So there was a certain level of strategic failure at work, but mostly it was bum luck, and the encounter wasn't a dramatic high point. The party is 3rd level, so these characters have some investment in them.

I'm curious how you guys would handle this. "Dirty-Smelly-Hippie" RPGs are so much better at this sort of thing than D&D is, so what do you do, as a DM, with this character going down?

Here's what I did (spoilered to control post length):


I attempted to save the character by turning the death into a story beat that revealed stuff the player's didn't know. Basically, after the rest of the party retreated (taking the body) and a scene or two happened, one of the players had a dream where he made a deal with a spirit (this spirit has been hinted at / about but not yet ever met by the players.) It was essentially a "deal with the devil" type of situation. In exchange for bringing the rogue back, the spirit would get to "come along." So the rogue woke-up and basically transformed into a tiefling.

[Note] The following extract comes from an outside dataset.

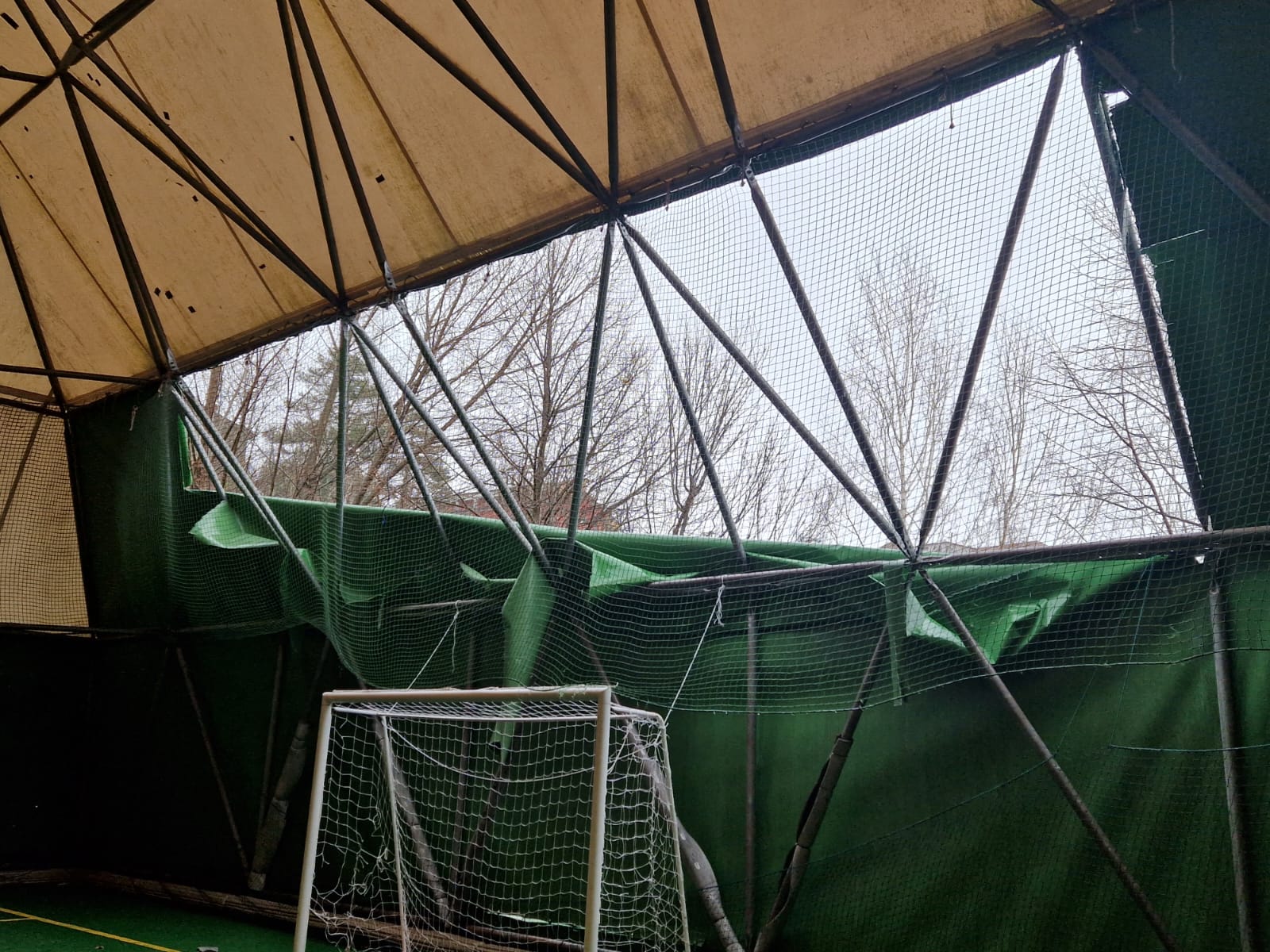 Le forti raffiche di vento spirate la notte scorsa hanno danneggiato la copertura dell’impianto di calcio a cinque in località Tiro a Segno. Come testimoniano le foto de l’Eco, parte del telo in pvc è stato divelto. Altri danni si registrano alla porta di ingresso che non ha retto alle folate che in alcuni casi hanno superato i cento chilometri orari.

I took two points of CON away from him, permanently (he had rolled good stats, so this is definitely soakable) and I gave him some secret instructions and a special mission. The players don't know a fraction of the lore of the world, but in ancient history humanity trapped devils in mirrors. The rogue now has a special ritual that can spring devils from mirrors (the larger the mirror, the more powerful the devil.) The catch is if he sees a mirror he MUST attempt it, no matter what else is going on. (It basically involves his character staring at the mirror and mumbling in infernal, while his eyes change color.) If he succeeds the devil is released (not obviously to other players. Like, they won't suddenly be fighting the things, they'll leave the party be for now.)

The player seemed really excited because he has a host of cool powers now that the other players don't (he's got the Tiefling extras, so he can see in the dark and do Hellish Rebuke, etc) and he also got a little glimpse at some backstory that the rest of the players don't have. His secret mission definitely creeps him out, but it doesn't actively go against anything the party is currently trying to contend with. At the same time I think I managed to get some consequences in (and if someone else goes down I definitely have to make sure they are dead dead instead of GRRM dead.)

I like the "deal with the devil" solution.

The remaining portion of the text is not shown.